Ce n'est pas un Kafka: Kafka is a Protocol
Apache Kafka is an aging open source project. It's time to accept that Kafka's protocol is what matters.
Confluent announced Tableflow at Kafka Summit this past week. Tableflow integrates Confluent Cloud with open table formats like Apache Iceberg. Confluent’s Kafka can now write to tiered storage (object stores like S3) using Parquet files and Iceberg metadata. I have been preaching about this idea for a while.
Jack Vanlightly describes Confluent Cloud’s (Kora’s) implementation:
Firstly, we can replace the native tiered storage format with Parquet files and Iceberg metadata directly. This creates a zero-copy storage representation of a stream as a single coherent dataset across Kora brokers and object storage. The Kora storage engine handles this Iceberg/Parquet storage tiering, object storage file compaction, retention, storage optimization, and schema evolution between Kafka topic schemas and Iceberg tables.
This feature, along with other developments, has really driven home how varied Kafka implementations have become. Kafka is now a protocol, not an Apache project. The Apache project is just one (aging) implementation.
Confluent, themselves, think about Kafka this way:
Just like the Apache Kafka API has evolved to be the de facto open standard for data streaming, we’re seeing Apache Iceberg evolve into the de facto open-table standard for large-scale datasets stored in lakehouses.
Confluent Cloud’s feature set has so diverged from Apache Kafka that it’s nearly unrecognizable. Confluent has offered tiered storage since at least January, 2020. Meanwhile, Apache Kafka just got tiered storage in 3.6.0, released in October, 2023. It’s not even ready for production yet—still early access.
And now Confluent Cloud is offering Parquet and Iceberg integration. KIP-1008 is trying to add similar support for the Apache project. But the design needs a lot of work and the discussion has died. It’s unlikely Apache users will get this feature anytime soon.

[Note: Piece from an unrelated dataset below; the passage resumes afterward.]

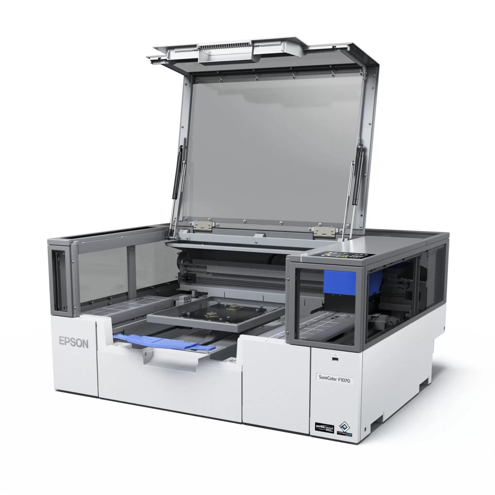 Com ajuste automático da altura da roupa, software Epson Garment Creator 2 robusto, funcionalidades de fácil manutenção pelo utilizador para ajudar a reduzir o tempo de inatividade e um design intuitivo com uma grande interface tátil de 4,3", a inovadora SureColor F1000 dá vida à sua criatividade e deixará uma impressão duradoura.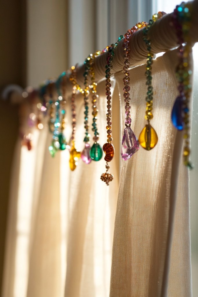 17. Hang Decorative Beads or String Charms Along Curtain Tops

Looking beyond Confluent, the ecosystem is still more diverse. WarpStream [$] has built a truly serverless implementation of Kafka using only object stores for persistence. Redpanda has had a C++-based Kafka implementation for years; they’re now trying to morph into a serverless platform. AutoMQ forked Kafka to add tiered storage. S2 is on the cusp of launching its write-ahead log (WAL) with Kafka protocol compatibility. Even StreamNative has embraced the Kafka protocol on top of Apache Pulsar.
The evolution of popular open source infrastructure into a protocol is not unique to Apache Kafka. Redis’s protocol is widely adopted, as is PostgreSQL’s (something I wrote about in Databases are Commodities. Now What?). Even closed source systems like S3 have seen their protocols adopted as the de facto standard. Successful infrastructure is destined to be a protocol.
I’m OK with this. Though I’m no longer a CFLT shareholder, I recognize the need to make money. The Apache process, too, can be slow. Businesses sometimes need to move faster. And congregating around the protocol means vendors can try different things—different manifestations of the platonic ideal that is the protocol spec.
Frankly, I don’t see a pure open source business—a la Hortonworks—as a viable model. I am not alone in this; several open source developers have recently confided in me the same feeling. A post for another day.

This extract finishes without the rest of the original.